Desde a morte do ex-governador Jackson Lago, em abril de 2011, o PDT maranhense passa por mudanças de comando. Como herdeiro do espólio político de Jackson, assumiu a legenda o filho, Igor Lago, que três anos depois – após perder a direção da sigla – anuncia que deixará o PDT. Os atuais dirigentes, como o deputado federal Weverton Rocha, garantem que o partido não perderá com isso.

Ainda no campo das possibilidades, a saída do médico Igor Lago – filho do fundador do PDT, junto com Leonel Brizola, Jackson Lago – não é vista como problema pelo presidente do PDT de São Luís, Weverton Rocha. De acordo com o deputado federal, não há como avaliar a saída de Lago porque considera que este nunca fez parte de fato dos quadros pedetistas.

“Não se perde algo que nunca se teve. E nunca tivemos de fato o Igor Lago trabalhando pelo PDT. Por isso, não tenho como avaliar a saída dele do partido se não considero que ele realmente foi do PDT”, afirmou Weverton Rocha.

Renato Dionísio – um dos históricos do PDT, que sempre participou das administrações de Jackson Lago – também considera irrelevante a debandada do filho de Jackson Lago.

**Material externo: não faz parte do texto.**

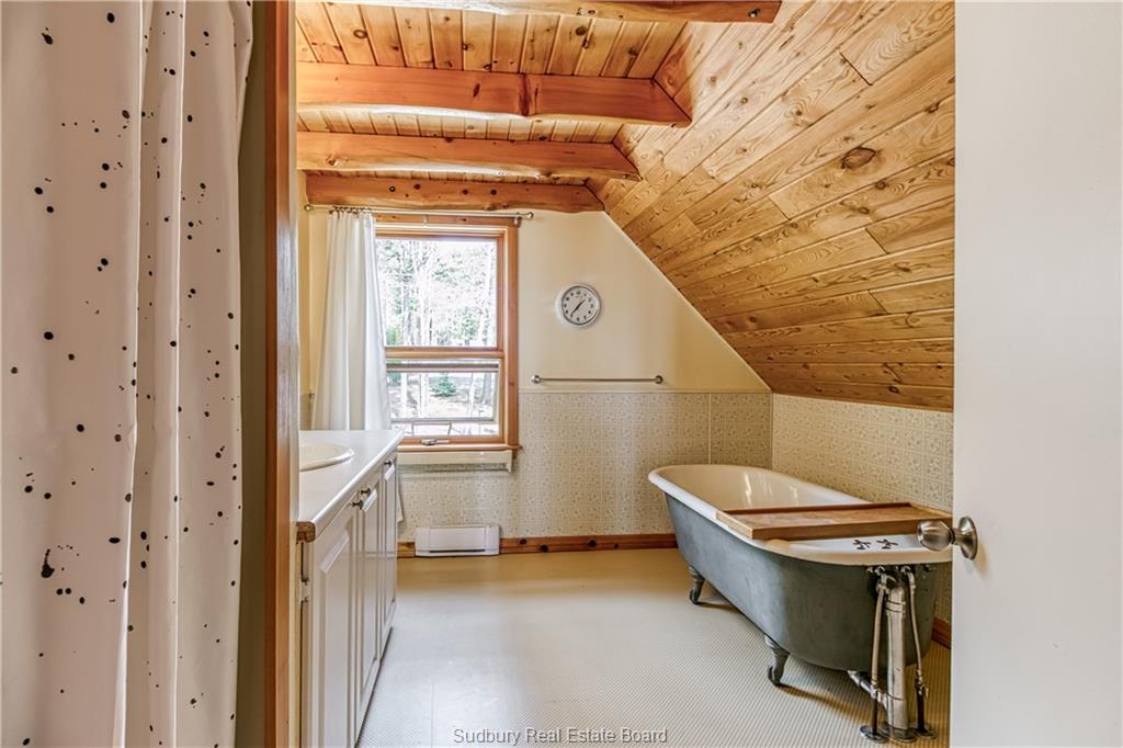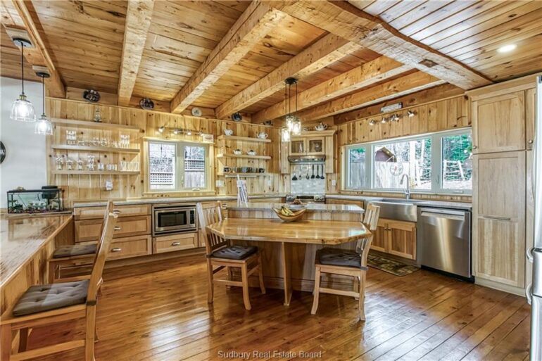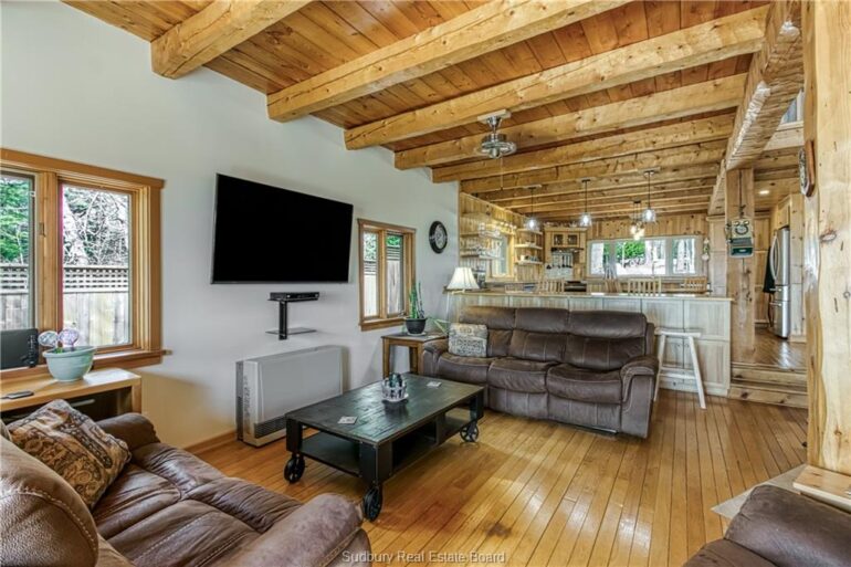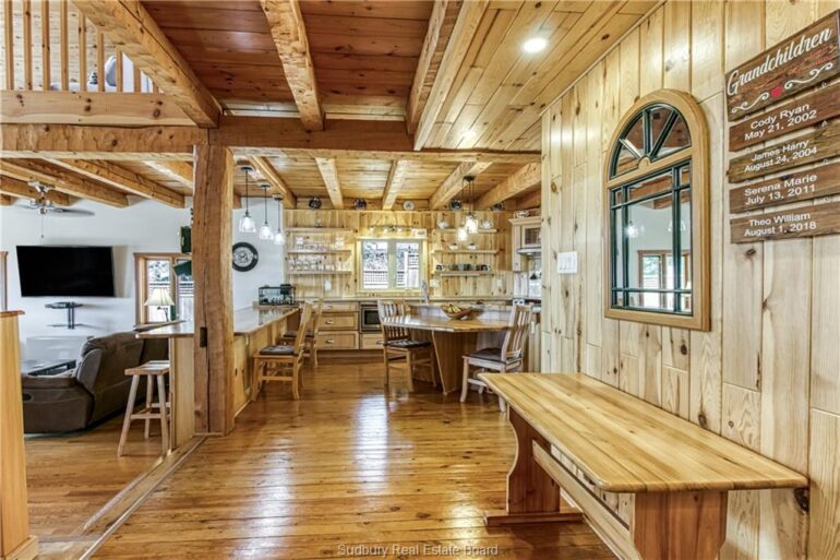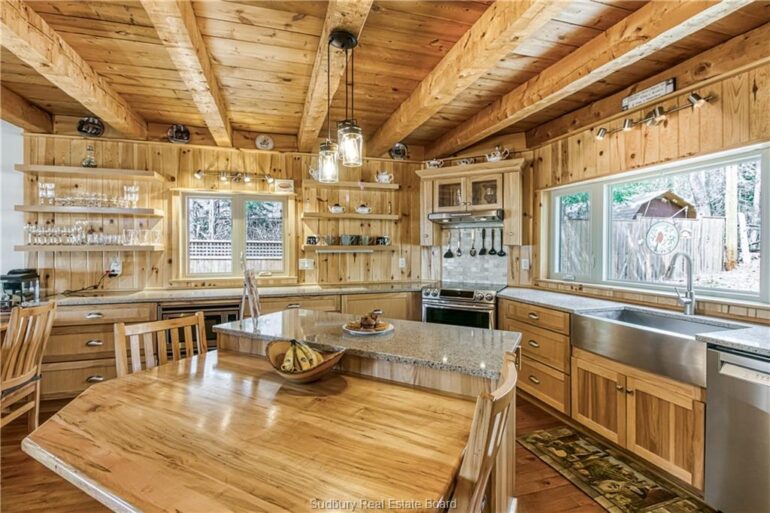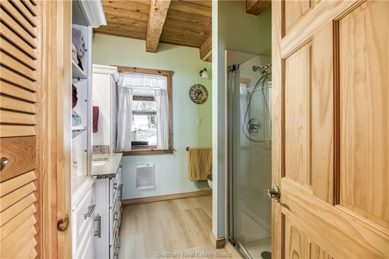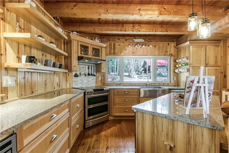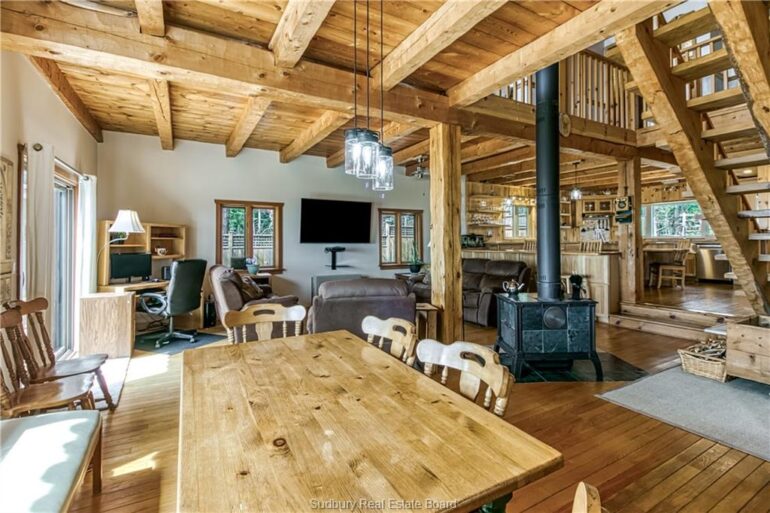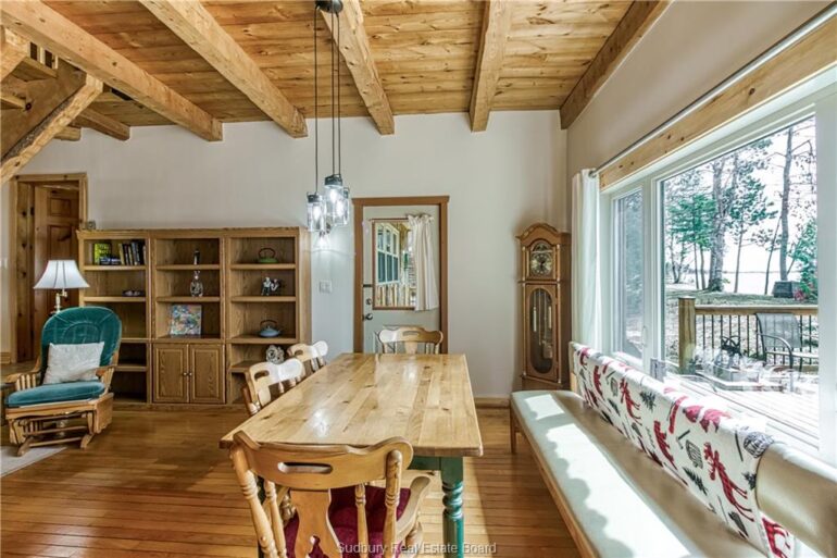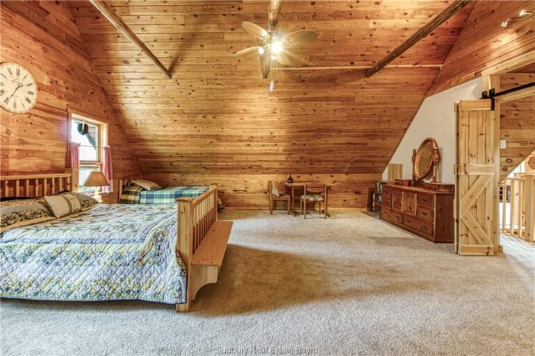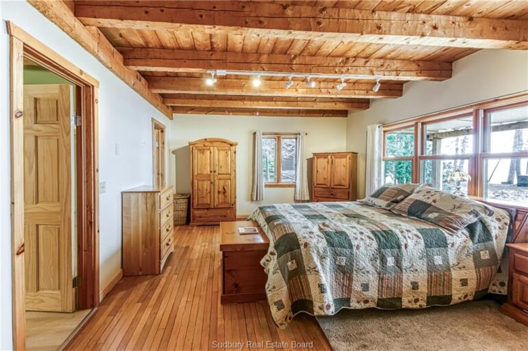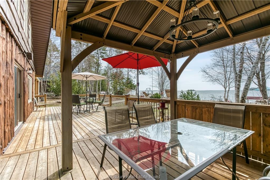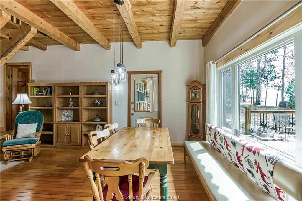 Welcome to 33 Dominion Park Drive, tucked away on a large beautiful treed lot along the pristine North Shores of Lake Huron. This exceptional post and beam custom built home offers an unmatched blend of comfort, craftsmanship, and natural beauty. With its own wide stretch of soft, sandy beach and unobstructed south-facing views, you’ll experience everything from warm sunrises to breathtaking sunsets. Whether you’re sipping morning coffee while the lake sparkles or winding down to the rhythm of the waves, the setting is simply unforgettable. Built with care and timeless design, this year round home features soaring vaulted ceilings, rich hardwood floors, and large windows that fill the space with natural light, offering panoramic views of the water. The heart of the home is the magazine worthy chef’s kitchen, complete with granite countertops, solid wood cabinetry, stainless steel sink and appliances, and open sightlines to the living spaces and the lake beyond. The main floor’s primary ensuite features a 3pc bath, walk-in closet and laundry. Upstairs, you’ll find a cozy yet airy family room with more stunning lake views, massive loft style bedroom, 3rd bedroom and full bathroom. With an impressive woodstove, propane wall furnace(2017), and electric backup, come low utility costs. Additional updates: steel roof (2009), newer windows including a brand new oversized lake facing window (2025), plumbing/electrical/water heater (2017), and professional crawl space improvements by Kenmar Basement Systems (2017). Outside, the property continues to captivate surrounded by perennials. The detached garage features a spacious loft—ideal for a studio, extra living space or storage. Whether you’re looking for a permanent home, a seasonal getaway, or a family retreat, 33 Dominion Park Drive offers the rare opportunity to live on one of the Great Lakes, surrounded by beauty, while being easily accessible. This is more than a home and once you arrive, you simply won’t want to leave!

De acordo com Dionísio, foi errado filiar Igor Lago ao PDT apenas para ele ser presidente da legenda, já que ele não tem relação com os pedetistas. “Comandar de Ribeirão Preto um dos maiores partidos do Maranhão é no mínimo falta de respeito com os militantes. Ele deixa o partido e pergunto: quando ele realmente foi do PDT?”, disse.

Menos indiferente foi o presidente estadual da legenda. Julião Amin se mostrou surpreso com a possibilidade da saída de Igor Lago. De acordo com Amin, Lago é um importante quadro para o PDT. Sem comentar os problemas pedetistas apontados pelo filho de Jackson Lago, ele diz esperar somente que o médico Igor Lago desconsidere essa possibilidade de deixar o partido.

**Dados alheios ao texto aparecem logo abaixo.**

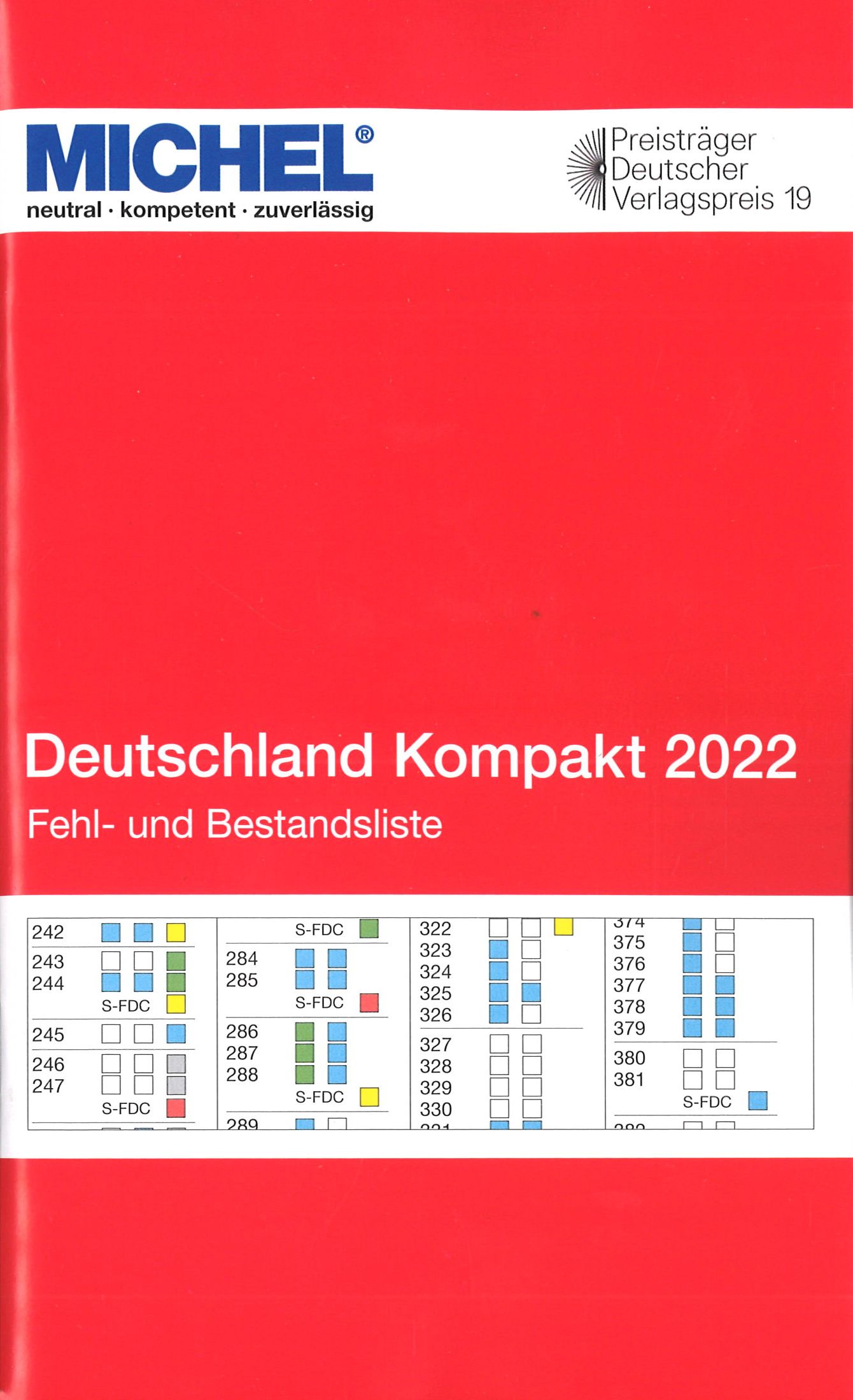 Am 3.Dezember 20201erschien der Deutschland Kompakt 2022, der neue Junior, in der 50. Auflage in Farbe mit 680 Seiten im Format 115 x 188 mm kartoniert. Der Katalog kostet in der Papierform 15,00 €. Er enthält folgende Markenausgaben: Altdeutschland, Deutsches Reich, Auslandspostämter, Kolonien, Besetzungsausgaben des Ersten und Zweiten Weltkrieges, Abstimmungsgebiete (mit Saargebiet), Danzig, Memel, Böhmen und Mähren, Generalgouvernement, Sudetenland, Feldpostmarken, Lokalausgaben, Alliierte Besetzung (Gemeinschaftsausgaben, Berlin und Brandenburg, SBZ, Französische Zone, Amerikanische und Britische Zone), DDR, Berlin (West), Saarland und BRD.

ivaldorodriguesO vereador do PDT Ivaldo Rodrigues garante que Igor Lago só quer participar da legenda se estiver no posto de comando usando a legitimidade de ser filho de Jackson Lago.

“Nunca o observei participando de nenhuma campanha de Jackson Lago ou do próprio PDT. Igor sempre foi uma figura ausente e quer aparecer agora, à custa da morte do pai.”, criticou o vereador.

Saída – Igor Lago anunciou que sairia do PDT em carta distribuída aos membros do Movimento de Resistência Pedetista (que tem figuras como a viúva de Jackson Lago, dona Clay, e ainda históricos como Rubem Brito e o novato Edson Vidigal, ex-ministro do Supremo Tribunal Federal). No documento, o médico – que chegou a ser presidente estadual da legenda com o aval de Weverton Rocha – garante que os fins do PDT previstos no estatuto desde a época de sua criação não são mais alcançados.

Segundo Igor Lago, o partido é comandado por uma oligarquia nacional representada pelo presidente nacional, o ex-ministro do Trabalho Carlos Lupi, e pelo deputado Weverton Rocha, que vendem a legenda de acordo com seus objetivos de dar continuidade ao projeto de poder.

“No PDT, não há mais defesa da democracia nem do trabalhismo. A moda agora é vender o partido”, disse Igor Lago.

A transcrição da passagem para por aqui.